Nüfusumuz arttı, bundan sonra artacağa benzemiyor. Ciddi bir demografi enstitümüz (Hacettepe Üniversitesi’nin nüfus etütleri çevresi ve oradan yetişenler) ilginç figürler verdiler. Fakat bu asrın içinde Türkiye hâlâ genç nüfuslu bir ülke sayılacak. Bir müsbet tarafımız daha; Orta Asyada nüfus potansiyelimiz var. Canımız İslam milletlerini sevmek istiyor, Arapları kardeş görüyoruz gibi kuruntulardan çıkıp, göç politikası doğru dürüst idare edilirse, Kırgızistan, Afganistan’ın belirli bölgeleri Çin işgalindeki Türkistan gibi becerikli, hayvancılık yapan ve tarımcı eğitimi de hiç fena olmayan bir nüfus burayı besler. Bu bizim şansımız.
KÖYLÜLERİMİZE ÇİFTÇİLİĞİ SEVDİREMEDİK
Amerika zenginliğinden, İsrail ise son savaşa kadar kavmi özelliğinden dolayı dışarıdan ilmi nüfus çekiyordu.
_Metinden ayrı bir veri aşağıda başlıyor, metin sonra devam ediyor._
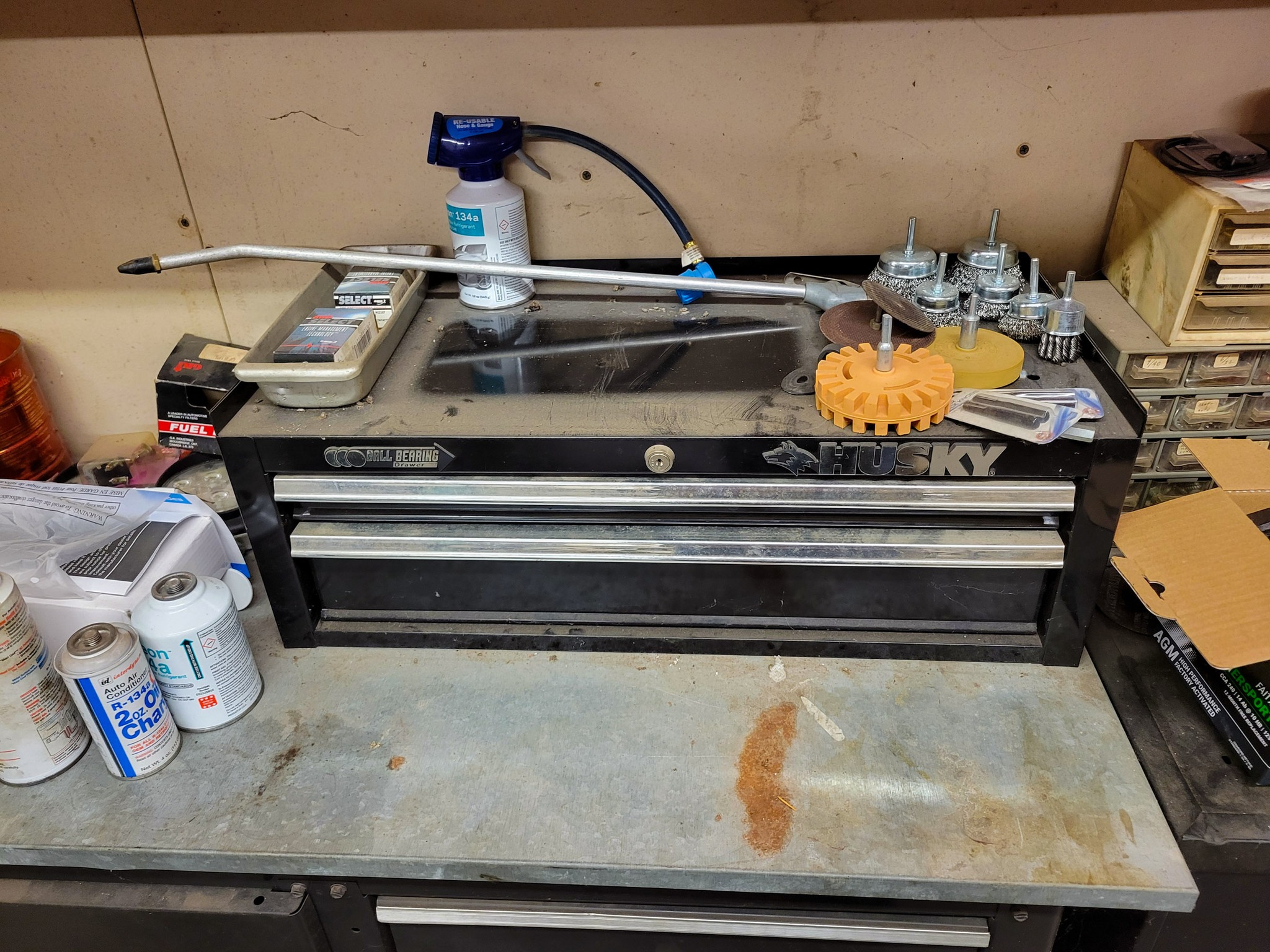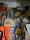 Mechanic: 2 post car lift model: DP10ANOOOM with 6ft of clearance 10,000 lbs. forward lift , screw jack lift, work station, Engine stand, 20 gallon oil drain pan, pneumatic jack, electric sand blaster, creeper, electric motors, monkey wrenches, gasket cutters, calipers, gear and hub puller, spring compressor tools, pipe e-x-p-a-n-d-e-r tool, snap ring plyer set, body tools, Makita car polisher, paint guns, electrical splicing / fuses, gear oils, motor oils, fuel additives, filter wrenches, funnels, brake line tools, manuals, aerosol cans / lubricants / paint / grease / penetrating oil and much more, auto scanner.

Kısacası, “Türkiye göçmen ülkesi değildir” demek doğru, ama “Türkiye’ye hiç göçmen almayız” demek yanlış. Köylülerimize çiftçiliği sevdiremedik. Çiftçiler ile son alıcı arasında köprü bir türlü kurulamadı. Maliyet artışları ve düşük fiyatlar nedeniyle ülke genelinde memnuniyetsizlik hâkim. Türk köy aile yapısı, maalesef işletmeye müsait değil. Bu konuda eğitim lazım. Aile ve miras hukukunda bazı düzenlemelere girilmesi lazım, fakat bunu da Medeni Kanun çıkarılması sırasındaki bir curcunaya çevirmeden ciddi bir heyetle işe başlamak gerekiyor. Böyle bir heyeti oluşturacak irade Tanzimat döneminde, Cevdet ve Âli paşalar gibileri sayesinde mümkün oldu. Sadrazamla hukukçu kafa kafaya verebildiler ve bir uyuşma noktası buldular. Bugün için böyle bir uzlaşma kabiliyetine sahip kadrolar görmüyorum.
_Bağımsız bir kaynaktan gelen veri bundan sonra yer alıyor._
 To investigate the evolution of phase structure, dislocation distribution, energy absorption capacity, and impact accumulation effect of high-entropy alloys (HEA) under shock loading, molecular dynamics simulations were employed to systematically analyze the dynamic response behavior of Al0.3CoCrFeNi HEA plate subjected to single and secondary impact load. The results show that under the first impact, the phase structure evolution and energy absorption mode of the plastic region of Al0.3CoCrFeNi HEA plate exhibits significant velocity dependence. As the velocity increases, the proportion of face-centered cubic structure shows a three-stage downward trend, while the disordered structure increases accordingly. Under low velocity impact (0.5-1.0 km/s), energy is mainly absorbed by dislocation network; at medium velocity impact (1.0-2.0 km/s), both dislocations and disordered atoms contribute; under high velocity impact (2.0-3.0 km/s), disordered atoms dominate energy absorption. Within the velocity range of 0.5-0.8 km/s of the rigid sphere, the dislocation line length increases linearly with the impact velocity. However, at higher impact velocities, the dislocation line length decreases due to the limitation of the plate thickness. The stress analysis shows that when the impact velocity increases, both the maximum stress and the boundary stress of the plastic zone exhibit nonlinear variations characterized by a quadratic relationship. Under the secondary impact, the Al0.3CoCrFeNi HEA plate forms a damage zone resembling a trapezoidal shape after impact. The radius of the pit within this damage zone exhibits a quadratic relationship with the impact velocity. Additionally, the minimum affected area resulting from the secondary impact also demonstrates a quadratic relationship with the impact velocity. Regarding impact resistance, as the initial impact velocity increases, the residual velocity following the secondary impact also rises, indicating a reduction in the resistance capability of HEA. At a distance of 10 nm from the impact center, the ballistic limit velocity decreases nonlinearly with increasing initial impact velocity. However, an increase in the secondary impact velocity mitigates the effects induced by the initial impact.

Sözün kısası, facia kapılarda. Bereketli Antalya hem tarımı, hem iklimi, hem de hiç şüphesiz ki tarihî mirası itibarıyla dünyanın mümtaz bir parçasıdır, yani klasik Pamfilya bugünkü Antalya’nın batısından Alanya’ya kadar olan kesim. Elmalı, Korkuteli ve kıyıya doğru inen bölge korkunç bir tehdit altında. Antalya bölgesinde, Rusya’dan ve Ukrayna’dan gelen gelin kızların, Türk - Slav karışık evliliğinden doğan tatlı bebeleri, şehre 30 bin kişilik bir nüfus güzel bir Rusya kültürel hava da getirmişti.
BU KADAR SERBEST ARAZİ ALIM SATIMI YAPILMAMALI
Ukrayna - Rusya Savaşı’nda dikkatle tarafsız kalmamıza rağmen savaş nüfus cürufunu bize akıttı. 200 bin tane ne idüğü belirsiz Rus ve Ukraynalı, şehri istila etti.